У меня вырвался горький смешок.
— Ты находишь? Мой муж не может подойти к телефону — занят отрубанием голов, и это еще пустяки. Он на самом деле не…
— Не говори! — оборвал меня Влад, став смертельно серьезным. — Знать и признавать — разные вещи. Грегор и хочет добиться от тебя публичного признания. Это стало бы доказательством. Не давай ему такой возможности.
— А ты на чьей стороне? — тихо спросила я. Не следовало спрашивать напрямик, но я не удержалась. Влад не стал бы мне лгать, на чьей бы стороне он ни стоял.

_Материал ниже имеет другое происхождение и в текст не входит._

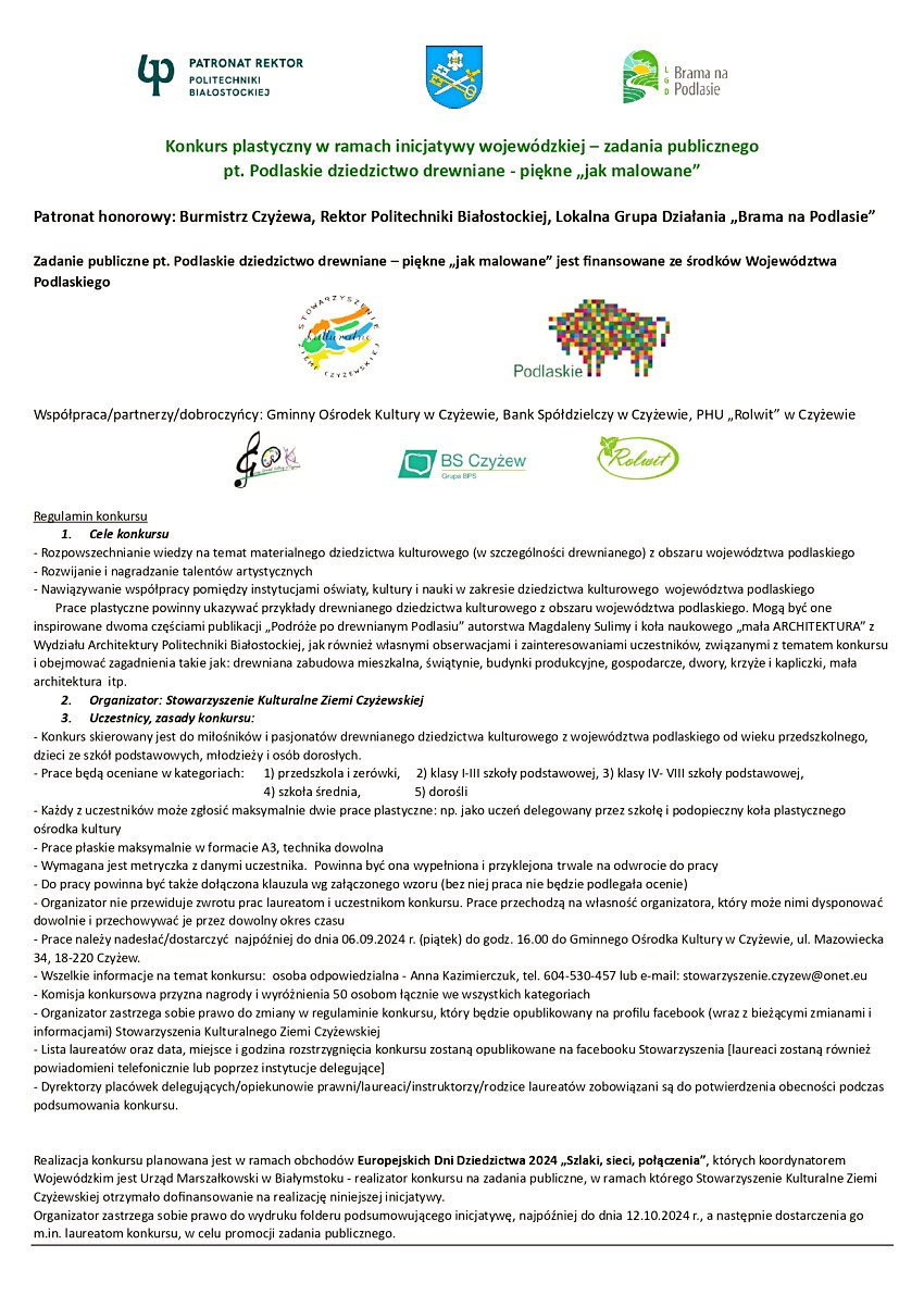 Inicjatywa ta wpisuje się w obchody Europejskich Dni Dziedzictwa 2024, których tegoroczne hasło brzmi "Szlaki, sieci, połączenia". Konkurs ma na celu popularyzację wiedzy o materialnym dziedzictwie kulturowym Podlasia, ze szczególnym uwzględnieniem unikalnej architektury drewnianej.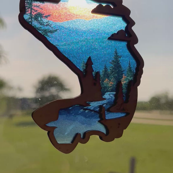 This handcrafted suncatcher makes for a thoughtful and unique gift for birthdays, holidays, or any special occasion. Its versatile design allows it to be displayed in various settings, from cars to windows to porches. Give the gift of rustic charm and natural allure with this Bass Suncatcher, and watch as its beauty brightens up any space.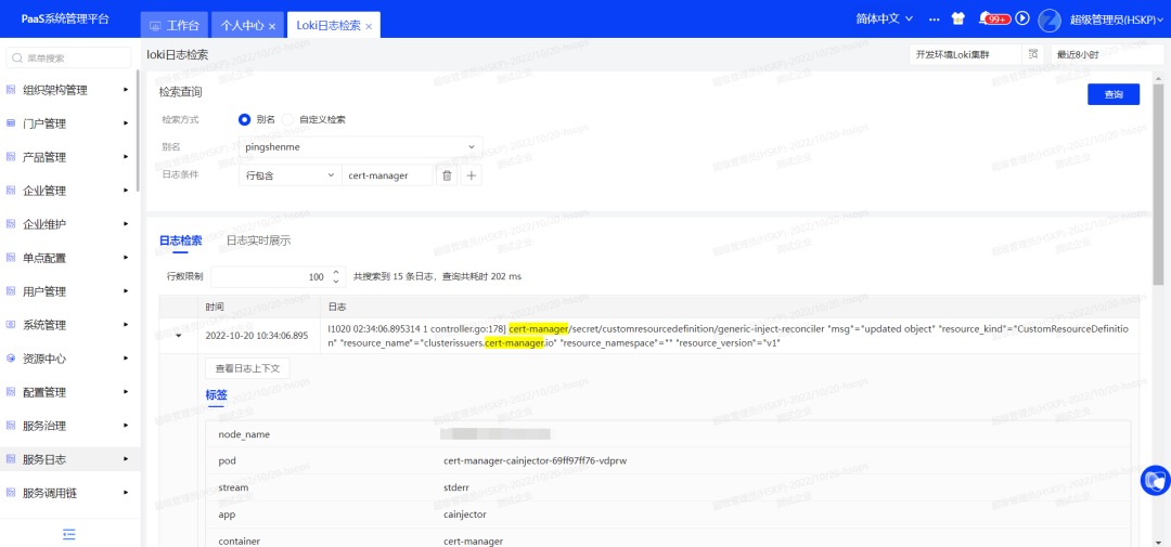 支持日志管理,可查看接入集群的日志信息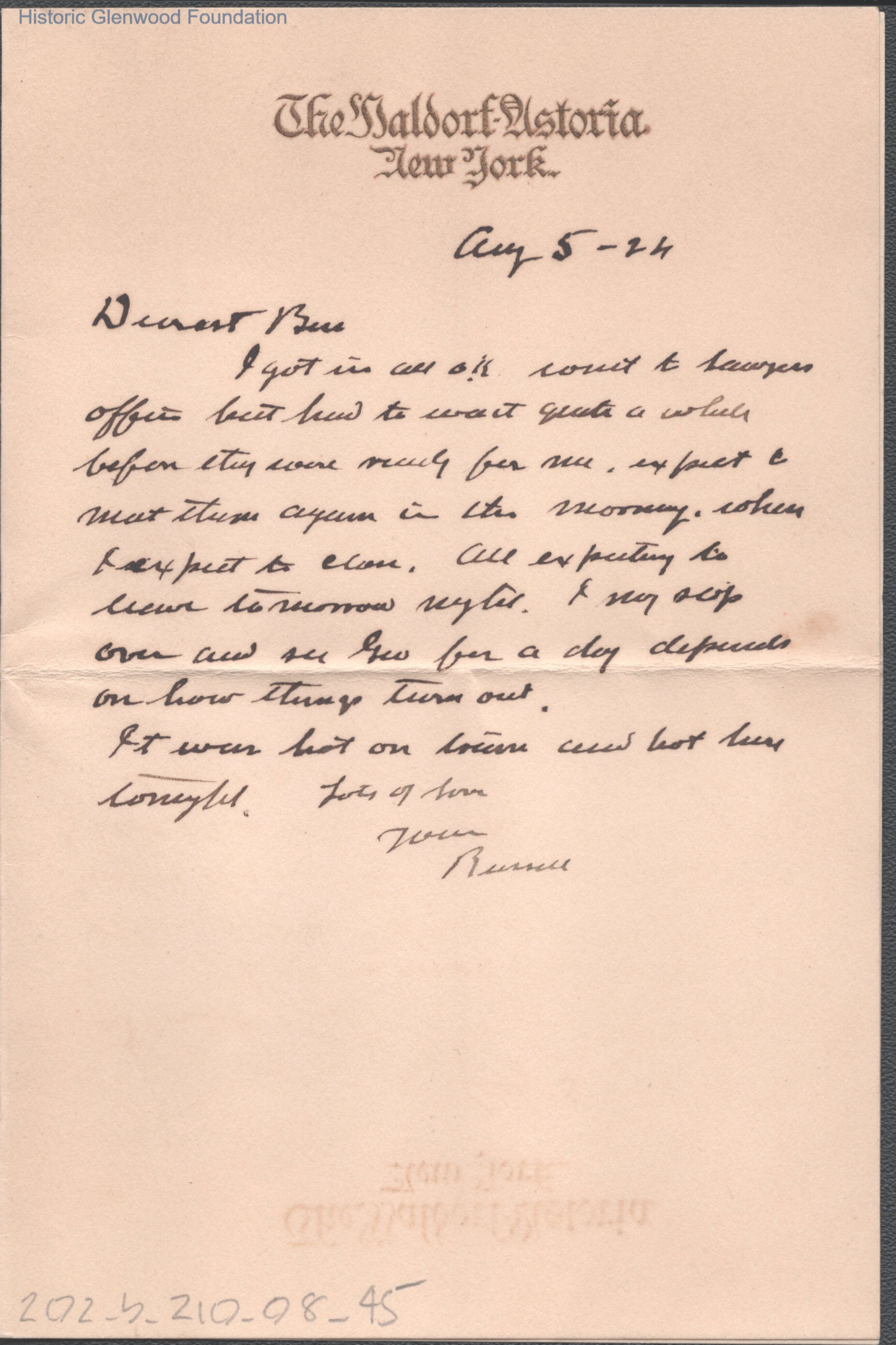 Elizabeth S. Quarrier from Russell G. Quarrier, Aug 5, 1924

Он задумчиво смотрел на меня. Он не был классическим красавчиком, как те типы, что играли его в многочисленных фильмах. Лицо овальное, губы тонкие, глубоко посаженные глаза, слишком широкий лоб и узкий подбородок. И еще он был тощий и рослый, добрых шесть футов. Но ни один из тех актеров не обладал личностью Влада. Несовершенство черт он возмещал чистым магнетизмом.
Наконец он взял мою руку. Его была вся в шрамах и к тому же опаснее его клыков, ведь через нее изливалась его пирокинетическая мощь. Но я не боялась Влада. Следовало бы, но я не боялась.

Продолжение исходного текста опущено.